Compensation of the Employee Works
Where an employer acquires the right in an invention made by an employee, the employee is entitled to reasonable compensation from the employer. The employee cannot give up his/her rights beforehand.
When determining the amount of the compensation, attention shall be paid to
the value of the invention
the scope of the right which the employer acquires,
the terms and conditions of the employment contract of the employee
the contribution which other circumstances connected with the employment had to the conception of the invention.
Employment relationship multiplier can be used in order to define the value of the invention. The multiplier can vary from 2 % to 100 %. The value is higher if the connection between the invention and the employment relationship is distant. The closer the connections, the smaller the amount. In other words, the employee has the right to receive bigger compensation for inventions that have distant connection to his/her work.
When evaluating the invention the financial benefit it offers to the employer must be taken in consideration. This, however, does not always work. Then it is possible to try to evaluate how much a license would be worth. Sometimes the only solution is to evaluate the value of the invention.

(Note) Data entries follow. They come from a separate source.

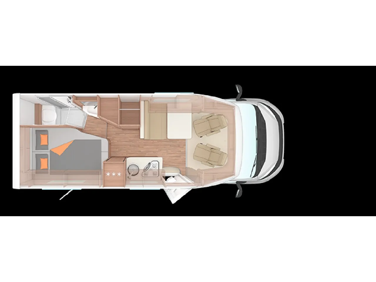 | Bettsystem | festes Doppelbett längs |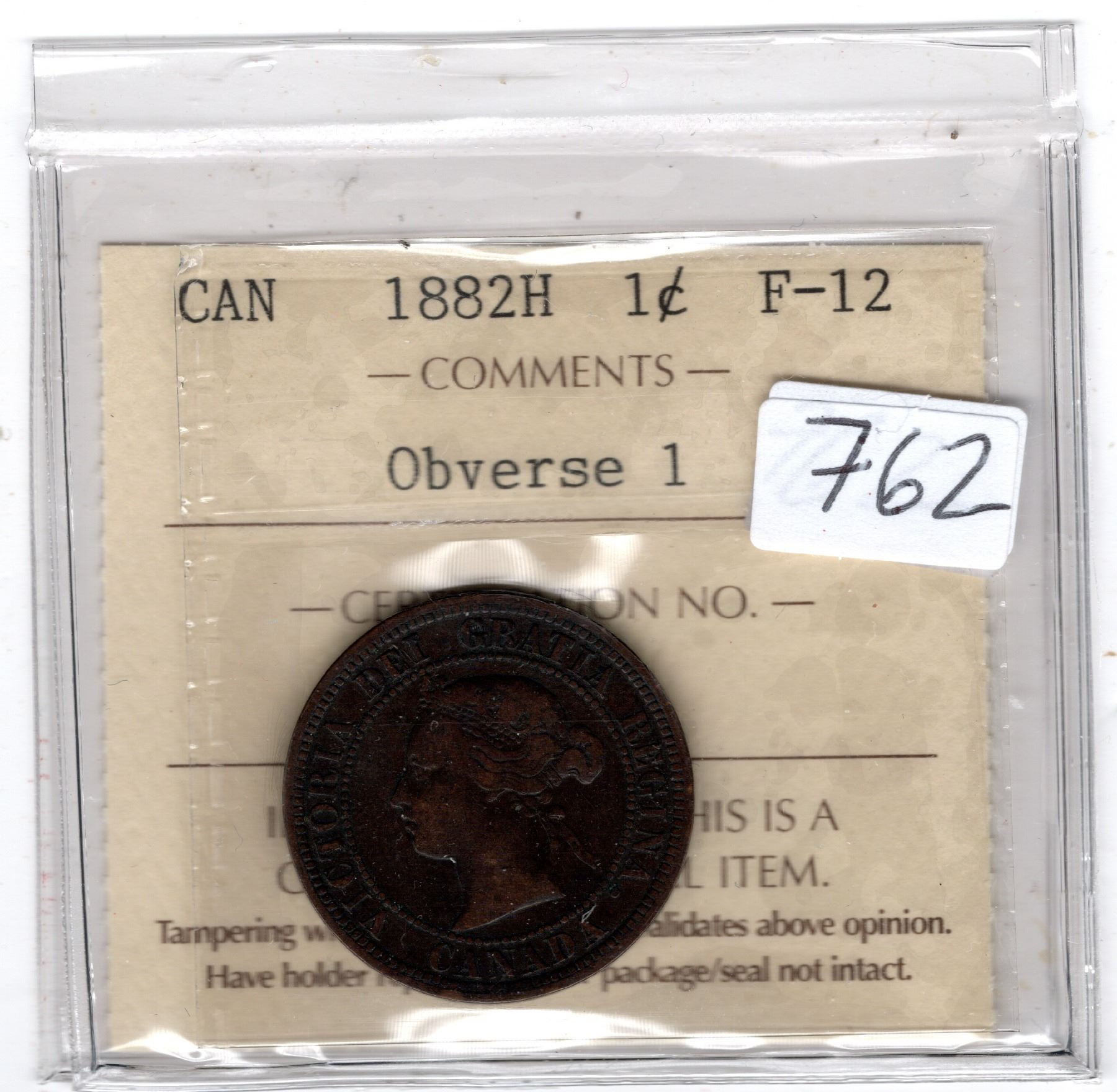 1882H LARGE CENT FINE 12, OB1, ICCS CERTIFIED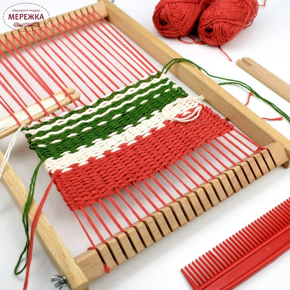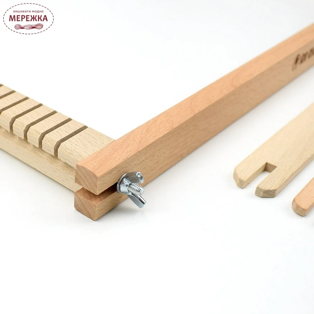 Дерев'яна рама-основа розміром 23 х 34 см має 22 канали для ткання полотна.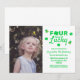 Four times lucky! 4th birthday invitation for a March or St Patrick's Day birthday. Features green shamrock and leprechaun hats. Photo template via Pixabay licensed under CC0 and must be replaced with your own photo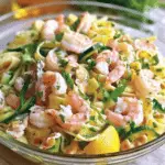 This creamy seafood pasta combines tender shrimp, sweet crab, and crisp vegetables in a bright, lemony dressing. It’s light enough for lunch, satisfying enough for dinner, and especially nice served chilled when you want something refreshing but filling.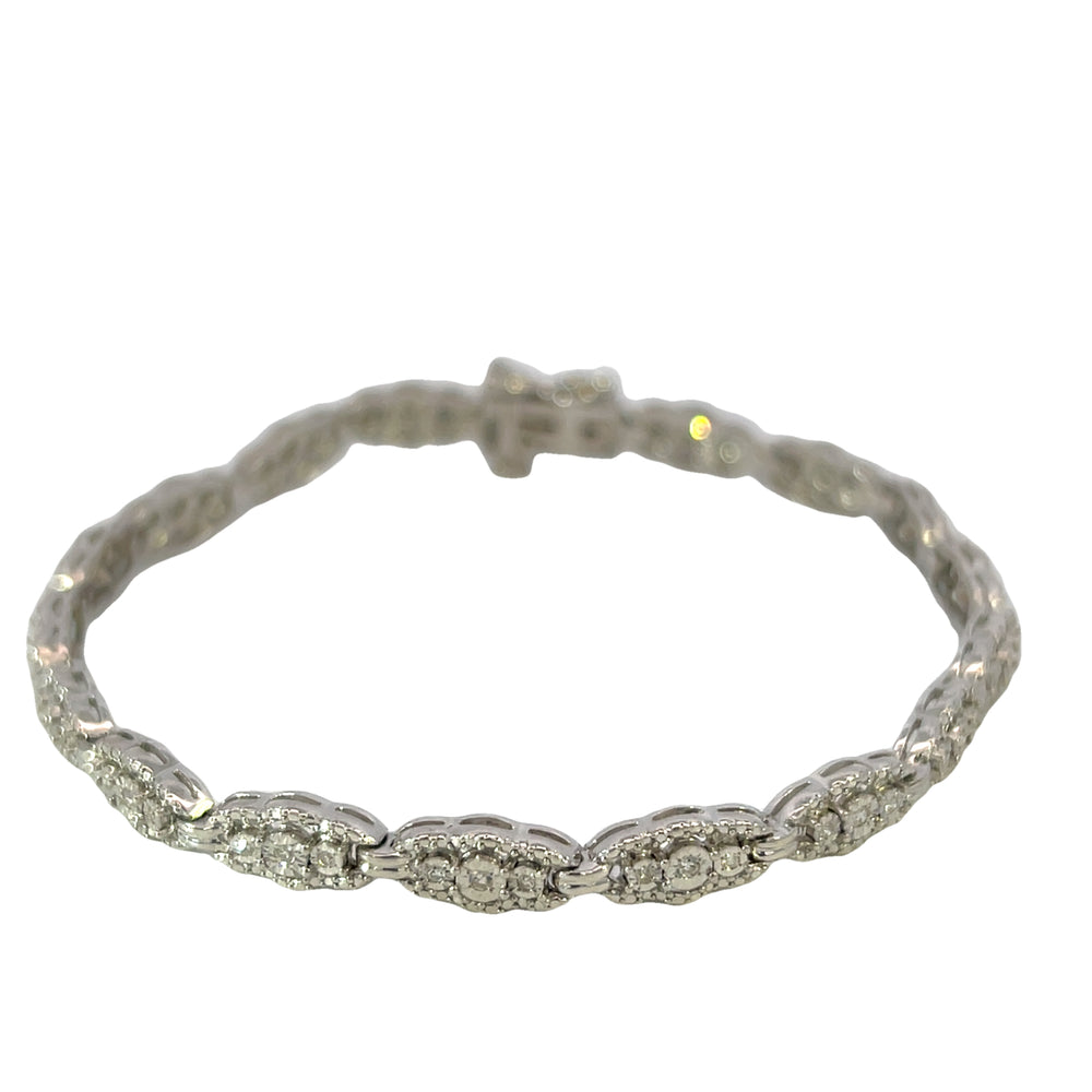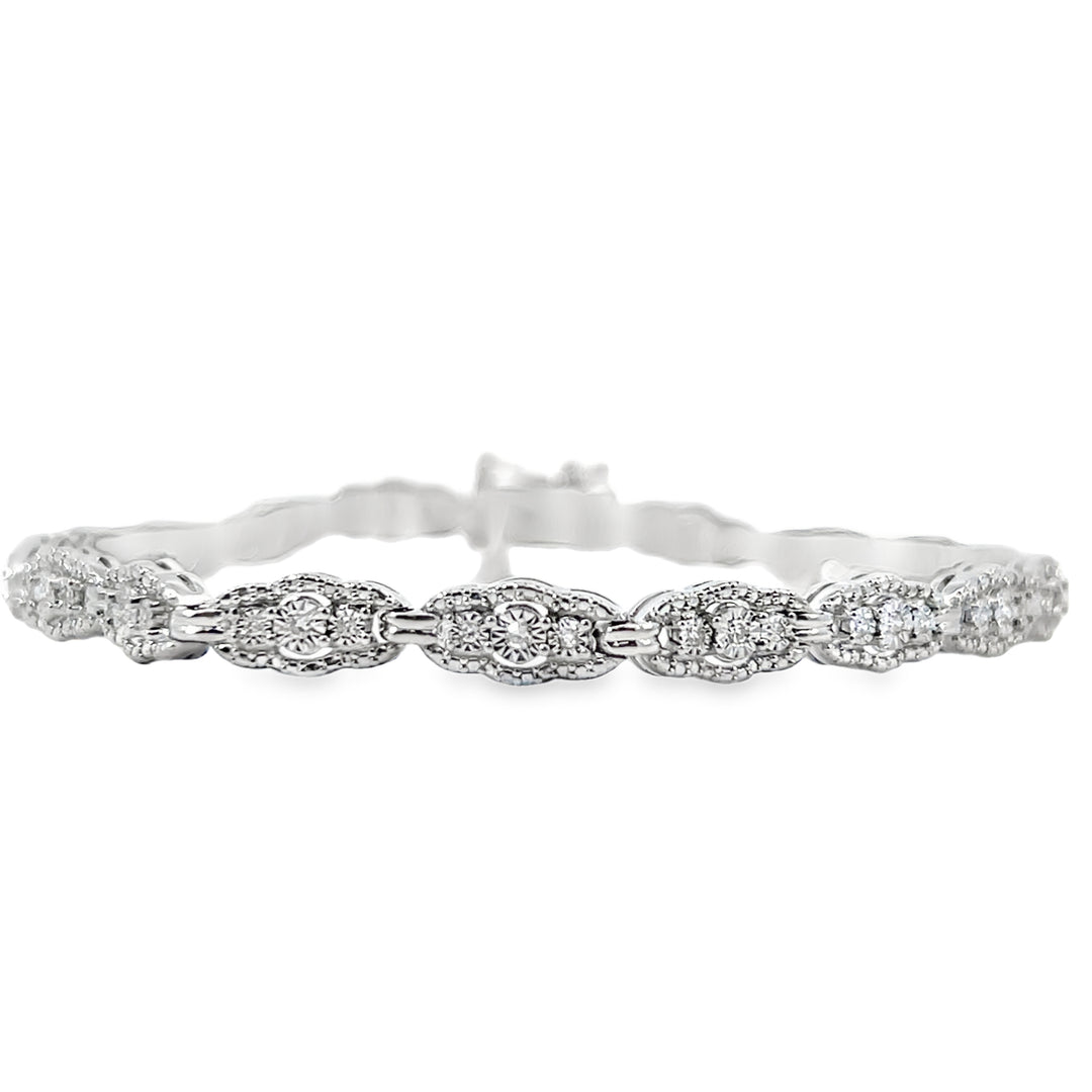 Sterling Silver Fancy Link .19ct Total Diamond Bracelet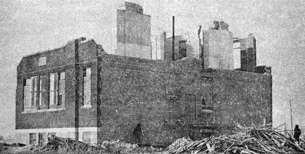 The original Governor Semple School building, constructed in 1913 and demolished in 1943. A bridge in the foregound spanned a ditch on Jefferson Avenue (no date)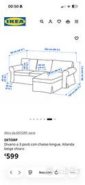 Vendo chaise longue modello extorp bianca uscita di produzione sostituita con il modello Uppland. Larghezza circa 63 cm con bracciolo 90 circa. Profonda 163, completa di fodera bianca in cotone sfoderabile.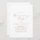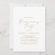 Este delicado convite de festas de caligrafia dourada é perfeito para um evento moderno. A design romântica minimalista apresenta uma magnífica e elegante tipografia amarela ouro champanhe num fundo branco com um aspecto simples e limpo.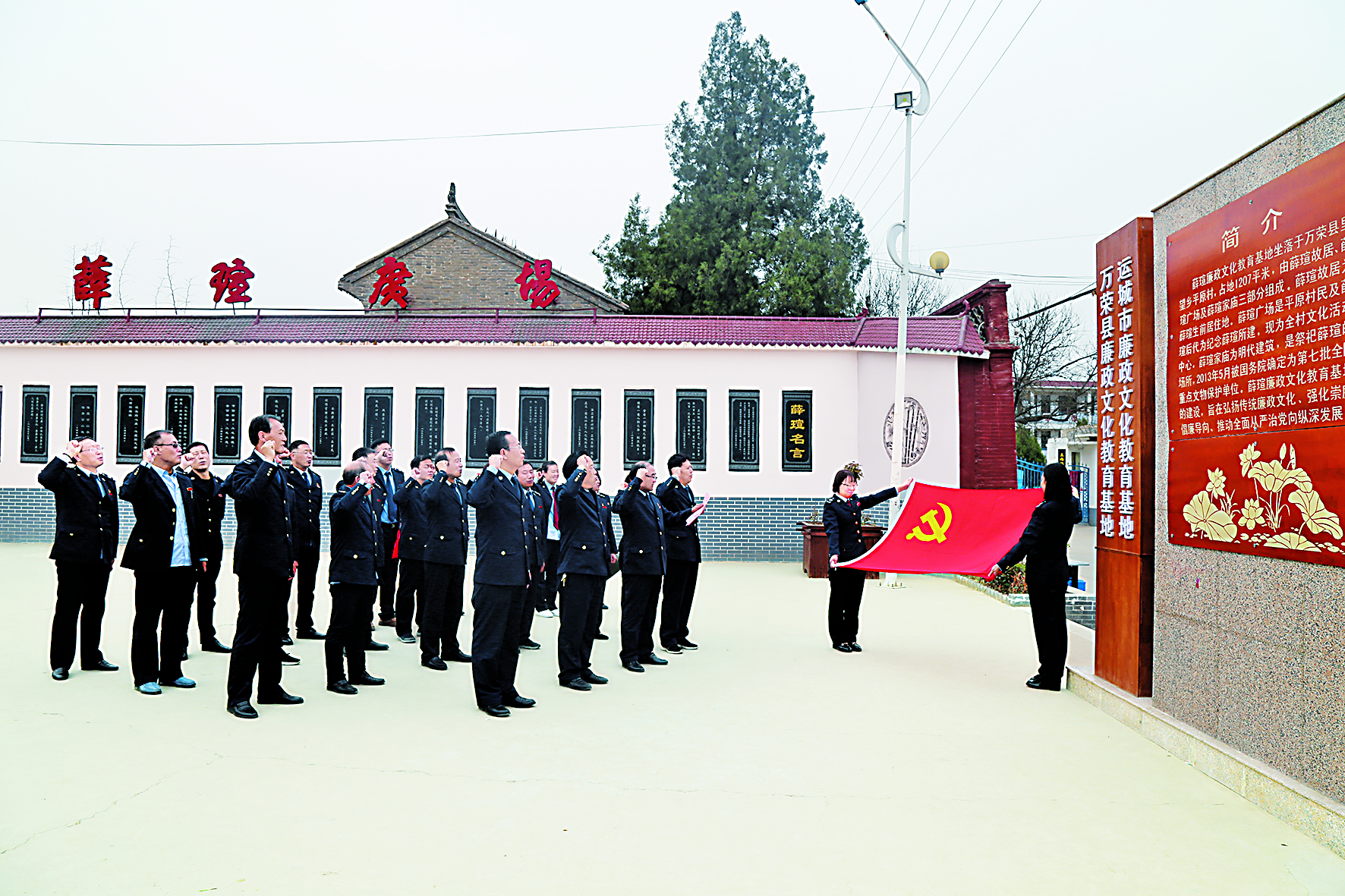万荣县税务局干部在廉政教育基地参观学习后重温入党誓词 资料图片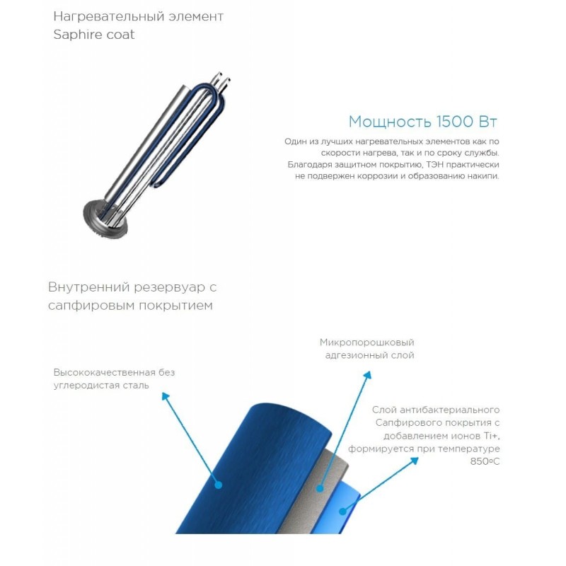 - внутренний резервуар покрыт слоем сапфировой эмали с добавлением ионов Ti+;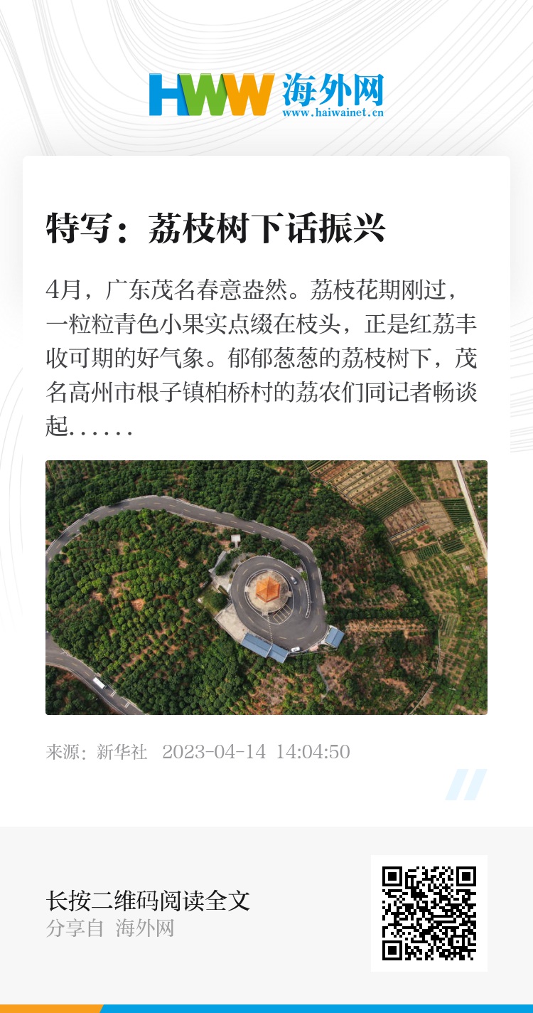 郁郁葱葱的荔枝树下,茂名高州市根子镇柏桥村的荔农们同新华社记者畅谈起“荔枝之乡”发展荔枝龙眼等特色种植业、推进乡村振兴的历程。小小荔枝果,变身“致富果”,让乡亲们的“致富路”越走越宽。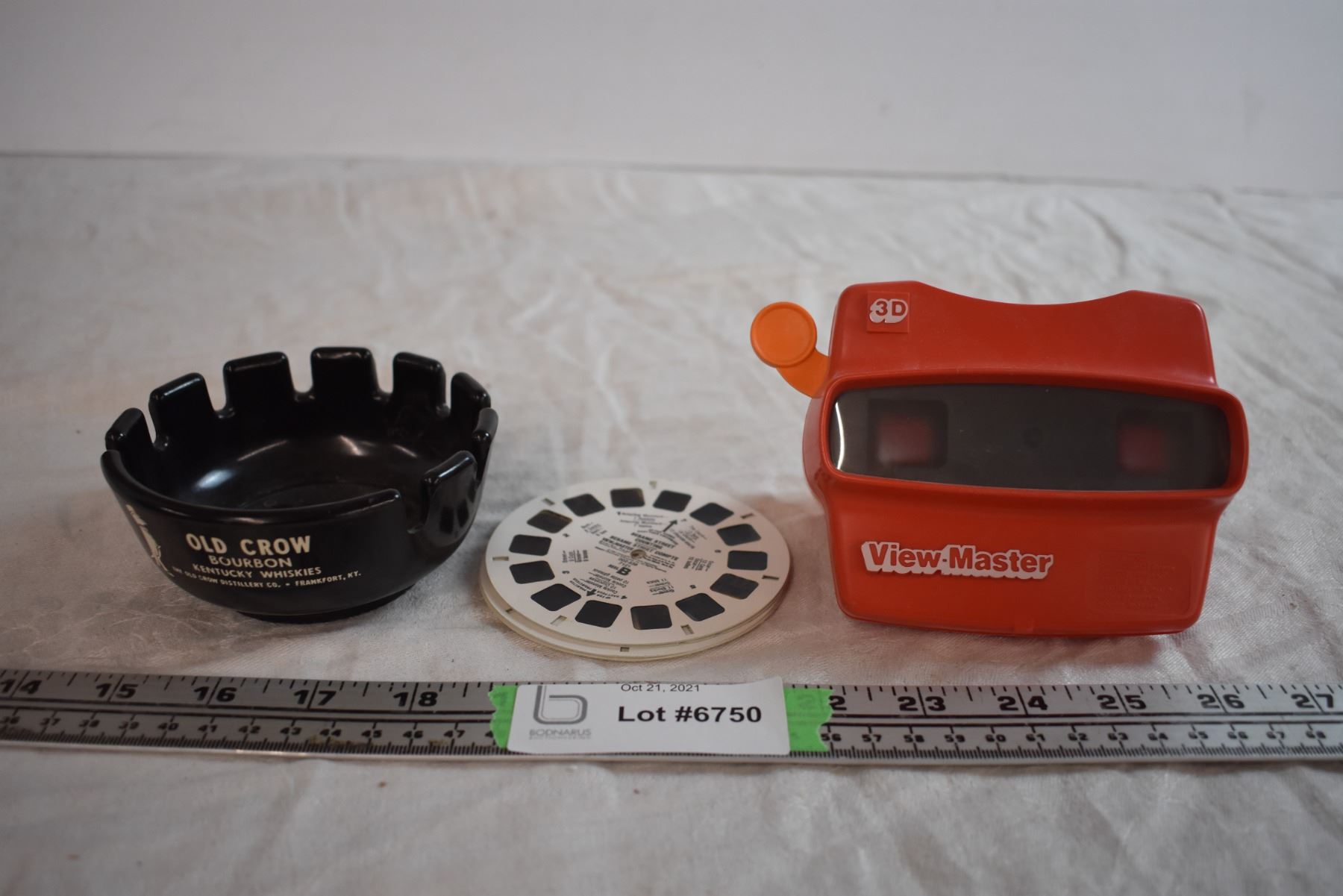 Old Crow Whiskey Ashtray and Viewmaster with Sesame Street Slides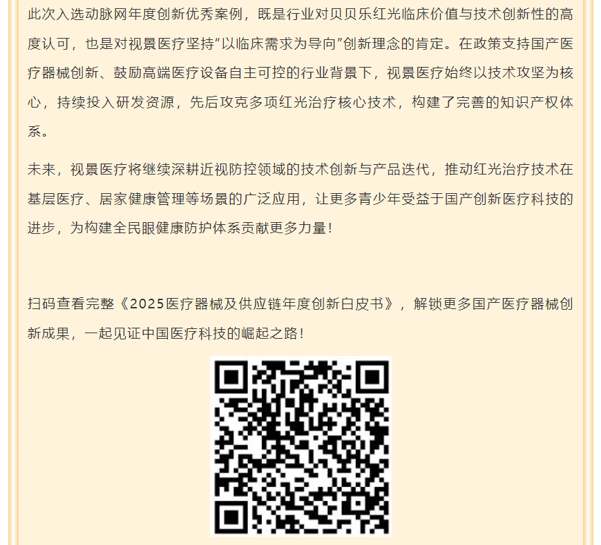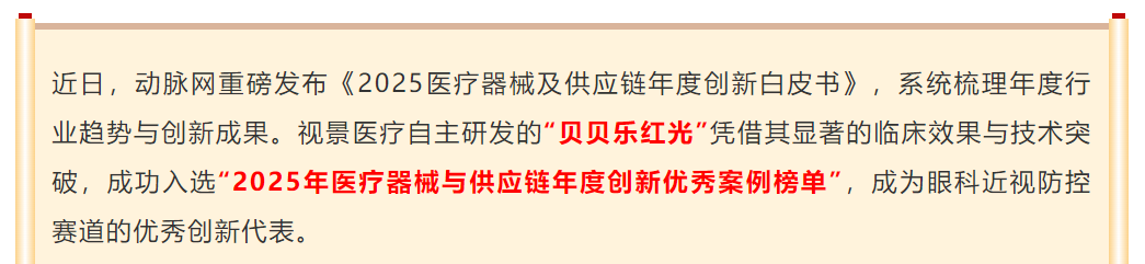 喜讯!视景医疗贝贝乐红光入选动脉网《2025医疗器械及供应链年度创新白皮书》年度创新优秀案例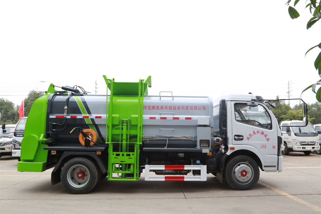 上裝配置:罐體容積8m3,配備120L/240L掛桶提升翻轉(zhuǎn)機構(gòu),液壓系統(tǒng),后蓋液壓鎖緊開啟,罐體可以舉升自卸,尾部帶自流閥;用于運輸液態(tài)垃圾,其特點操作簡單,密封性好,無泄漏,無異味;可選裝固液分離功能,推板擠壓功能,常用于餐館的垃圾轉(zhuǎn)運處理。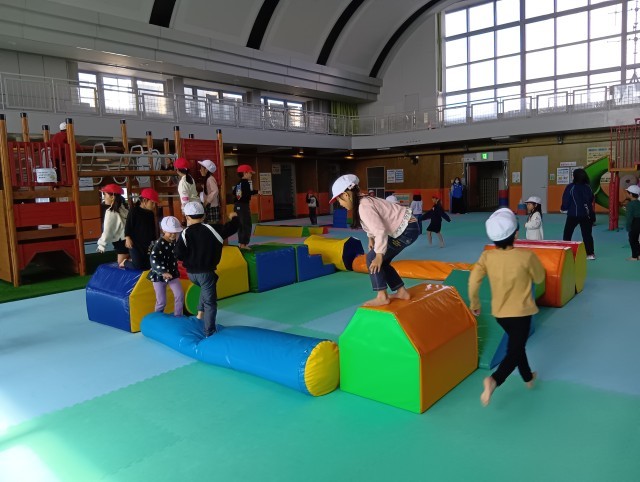 プラネタリウムを見た後、のびのび広場で遊んでいます。

Often a so called standard compensation is paid. They are defined on the basis of the employer’s employment invention standing orders. The standing orders are an agreement that the employer and the employee have agreed to follow. It is not possible, however, to evade employee’s right to reasonable compensation with such an agreement.
The board of employment relationship inventions can give recommendations on proper compensation on the employer’s or the employee’s request.
The compensation matter can also be brought before the Market Court. The employee must proceed a compensation case within ten years of the taking of possession. Otherwise the right is forfeit. The suit can be done within a year of granting the patent.